PNN: Muttahida Qaumi Movement-Pakistan (MQM-P) on Sunday assailed the PPP-led Sindh government for moving a resolution in the provincial assembly against the creation of any new province, terming it “unconstitutional”.
On Saturday, the Sindh Assembly on Saturday passed a resolution declaring Karachi an “inseparable part” of the province and opposing any move that suggested otherwise.
Subsequently, on Sunday, MQM-P Convener Khalid Maqbool Siddiqui flanked by Farooq Sattar, Mustafa Kamal and Senator Faisal Subzwari addressed a press conference in Karachi on the development.
“Yesterday, a resolution against the Constitution of Pakistan was passed by one assembly of Pakistan,” Siddiqui said at the outset of his speech.
“A province had carried itself as if it were a separate country,” Siddiqui, also the federal education minister, said while referring to Sindh.
The MQM-P leader asked the public and the “intellectuals” of Sindh whether any province could pass a resolution that “went against the Constitution”.
“This [resolution] challenged Pakistan, its Constitution, its law and its state,” he remarked, noting that it was being done by the party that had been in power in the province for the past 17 years.
Siddiqui contended that Article 239 of the 1973 Constitution provided the procedure for establishing new provinces.
“This resolution is not against any demand of ours but against Pakistan’s Constitution, its state, presence and the PPP leader (Bhutto),” he said.

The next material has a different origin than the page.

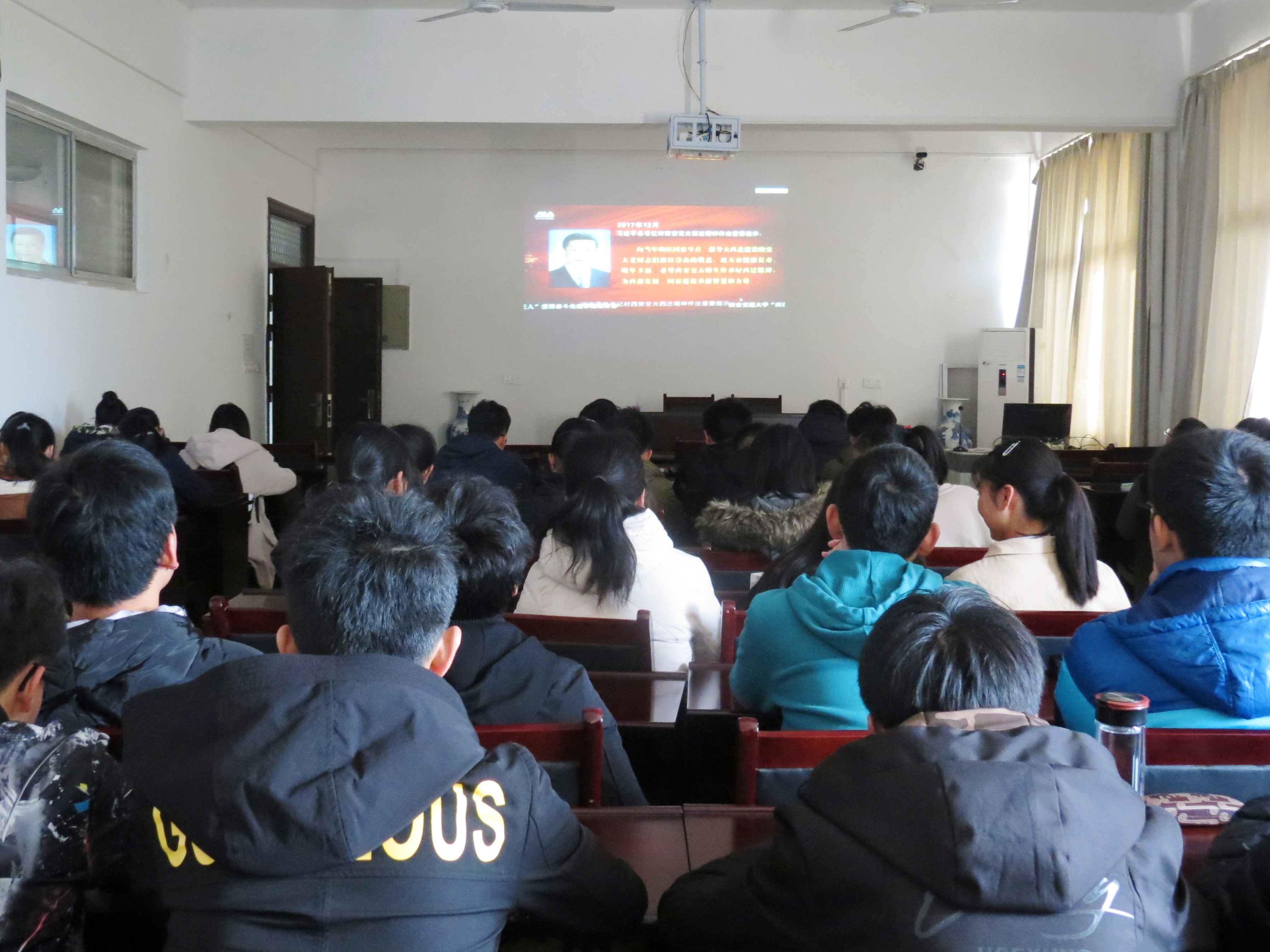 为深入贯彻落实习近平总书记对弘扬爱国奋斗精神作出的重要指示,进一步推动“弘扬爱国奋斗精神、建功立业新时代”活动,11月22日上午9:00,我院领导班子成员,各教研室、办公室教师与学生代表们在院办大会议室共同收看了“西迁人”爱国奋斗先进事迹报告会现场直播。

The MQM-P leader also referred to Articles 246 and 248 of the Constitution, which he said gave presidential powers for “extraordinary circumstances”.
He recalled that the MQM-P had demanded the empowerment of local governments even at the time of the 26th Amendment, when “the Pakistani state, government and democracy were in dire need of us”.

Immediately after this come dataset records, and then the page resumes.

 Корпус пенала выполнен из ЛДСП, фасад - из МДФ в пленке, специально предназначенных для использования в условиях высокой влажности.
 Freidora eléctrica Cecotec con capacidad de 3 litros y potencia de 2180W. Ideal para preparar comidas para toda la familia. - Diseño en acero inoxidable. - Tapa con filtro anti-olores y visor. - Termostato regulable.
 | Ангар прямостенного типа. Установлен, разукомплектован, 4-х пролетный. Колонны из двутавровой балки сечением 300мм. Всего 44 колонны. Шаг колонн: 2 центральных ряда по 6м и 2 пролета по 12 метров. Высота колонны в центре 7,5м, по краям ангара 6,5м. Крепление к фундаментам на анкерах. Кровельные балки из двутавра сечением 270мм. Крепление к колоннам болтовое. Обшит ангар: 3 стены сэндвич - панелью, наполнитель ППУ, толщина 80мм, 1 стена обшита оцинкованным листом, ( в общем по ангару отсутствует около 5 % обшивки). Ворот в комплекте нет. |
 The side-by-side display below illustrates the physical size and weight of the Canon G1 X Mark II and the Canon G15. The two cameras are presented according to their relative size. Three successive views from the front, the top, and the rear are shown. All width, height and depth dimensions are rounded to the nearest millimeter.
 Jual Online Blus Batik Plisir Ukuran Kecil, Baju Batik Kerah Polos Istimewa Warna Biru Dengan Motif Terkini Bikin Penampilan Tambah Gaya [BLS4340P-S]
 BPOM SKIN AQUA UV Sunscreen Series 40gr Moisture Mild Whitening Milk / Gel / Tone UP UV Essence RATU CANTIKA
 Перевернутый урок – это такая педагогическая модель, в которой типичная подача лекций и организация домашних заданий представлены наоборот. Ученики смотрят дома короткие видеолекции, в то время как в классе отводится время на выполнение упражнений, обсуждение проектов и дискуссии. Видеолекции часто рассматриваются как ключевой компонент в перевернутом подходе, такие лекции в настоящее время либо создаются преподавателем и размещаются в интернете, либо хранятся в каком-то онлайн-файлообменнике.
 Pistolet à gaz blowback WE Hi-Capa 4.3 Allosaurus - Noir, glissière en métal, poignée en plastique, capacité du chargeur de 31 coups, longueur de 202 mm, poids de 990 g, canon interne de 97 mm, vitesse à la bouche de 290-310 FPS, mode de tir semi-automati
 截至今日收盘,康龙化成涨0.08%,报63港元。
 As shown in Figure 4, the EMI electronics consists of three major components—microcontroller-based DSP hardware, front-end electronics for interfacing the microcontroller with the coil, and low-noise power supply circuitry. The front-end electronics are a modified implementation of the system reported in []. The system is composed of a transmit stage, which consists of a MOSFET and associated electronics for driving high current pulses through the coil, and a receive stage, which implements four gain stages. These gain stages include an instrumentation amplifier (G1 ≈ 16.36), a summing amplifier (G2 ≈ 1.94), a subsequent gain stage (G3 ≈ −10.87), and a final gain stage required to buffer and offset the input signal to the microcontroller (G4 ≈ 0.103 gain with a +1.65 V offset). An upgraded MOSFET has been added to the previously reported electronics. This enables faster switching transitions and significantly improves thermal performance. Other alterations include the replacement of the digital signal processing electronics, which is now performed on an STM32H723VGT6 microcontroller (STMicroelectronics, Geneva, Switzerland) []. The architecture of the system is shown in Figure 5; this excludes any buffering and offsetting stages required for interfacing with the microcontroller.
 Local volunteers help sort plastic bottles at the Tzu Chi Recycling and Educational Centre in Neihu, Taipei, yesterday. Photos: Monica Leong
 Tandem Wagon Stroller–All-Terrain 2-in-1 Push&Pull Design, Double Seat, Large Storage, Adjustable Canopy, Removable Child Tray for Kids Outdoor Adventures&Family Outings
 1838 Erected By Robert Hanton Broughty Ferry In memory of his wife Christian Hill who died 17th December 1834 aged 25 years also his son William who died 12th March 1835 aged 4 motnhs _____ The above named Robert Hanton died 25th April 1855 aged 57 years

Siddiqui emphasised that the solution to the issue was “dialogue, not threats”.
“What fear made you table this resolution?” he asked, asserting that no demand ever made by the MQM-P was in violation of the Constitution.
“The incident and trauma that Pakistan suffered in 1970, a show of solidarity had to be made after that. Then what happened? The Punjab Assembly declared Urdu its provincial language. Sarhad (Khyber Pakhtunkhwa) and Balochistan also chose Urdu as their provincial language,” he said.

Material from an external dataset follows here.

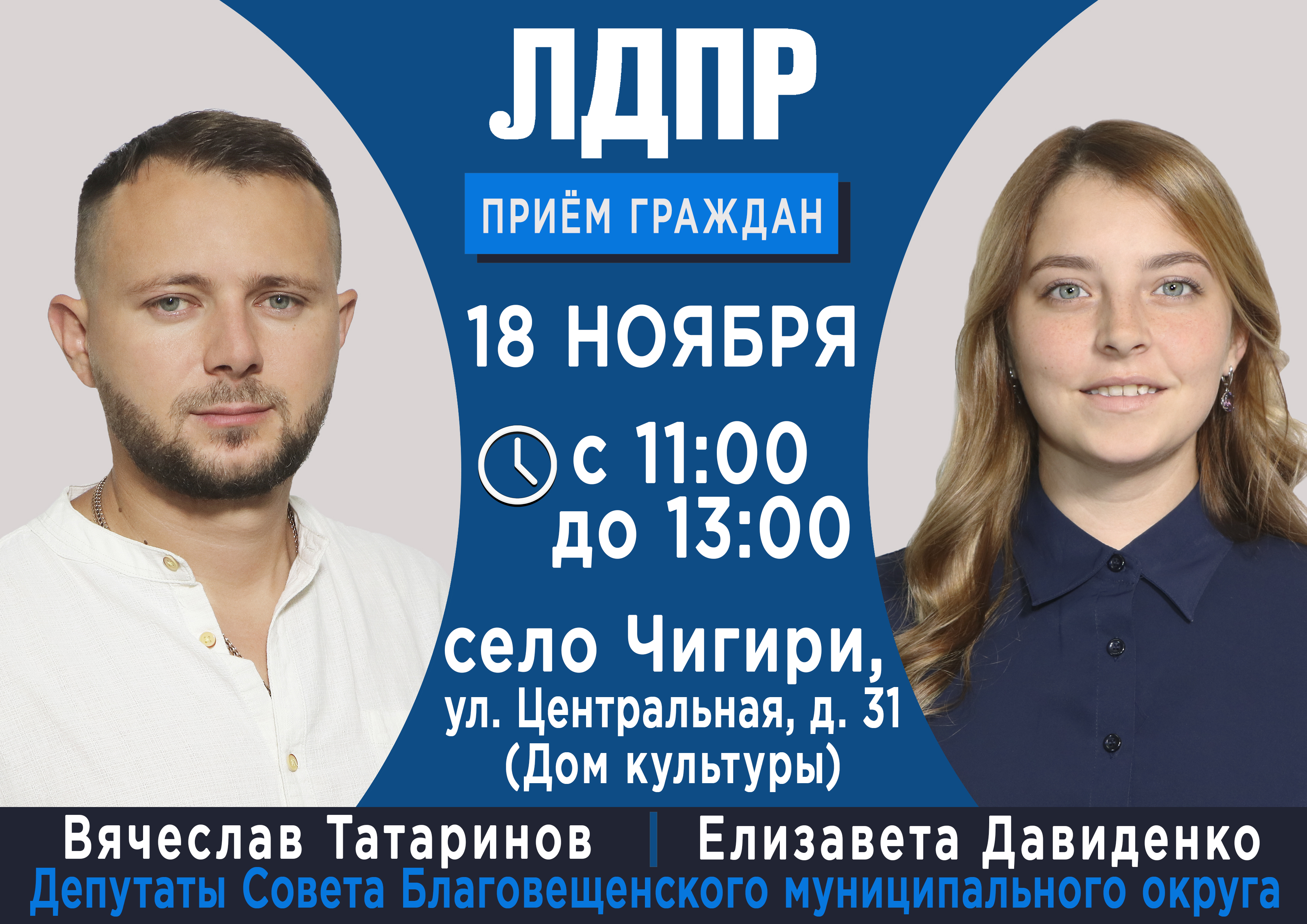 18 ноября мы приглашаем всех желающих посетить встречу с представителями фракции ЛДПР в Совете народных депутатов Благовещенского муниципального округа Елизаветой Давиденко и Вячеславом Татариновым

However, Sindh, he said, was the only province which didn’t do so because the ruling party here had “other dreams and intentions, which have been proved today.”
“As long as we are here, every dream of establishing Sindhudesh will be shattered,” he declared. “As long as we are here, we cannot let this happen.”
Speaking about Pakistan’s electoral history, he said that in the elections of the 1970s, there wasn’t a single candidate representing the PPP from West Pakistan, i.e. 55 per cent of the country, declaring itself a lingual party. Only 1.5 provinces had PPP representation.
“Today, a party with a manufactured majority has held control of Sindh since 1972. I want to ask the state of Pakistan: is there any other province where such segregation exists along linguistic lines? In 1970, the quota system was not merely an administrative arrangement; it was structured on the basis of language.”
Siddiqui then questioned the prime minister, the president, the state of Pakistan, the courts, and the nation at large, asking whether the kind of treatment meted out to Sindh’s cities has ever been seen in any other part of Pakistan. He said that whenever anyone raises their voice for their rights in Sindh, they are branded as traitors.
He further said that the MQM-P had “never made any demands that go against the interests of Pakistan,” adding that when their founding leader made remarks against the country, he was separated from the MQM, stressing that for the party leaders, it is Pakistan first, then MQM.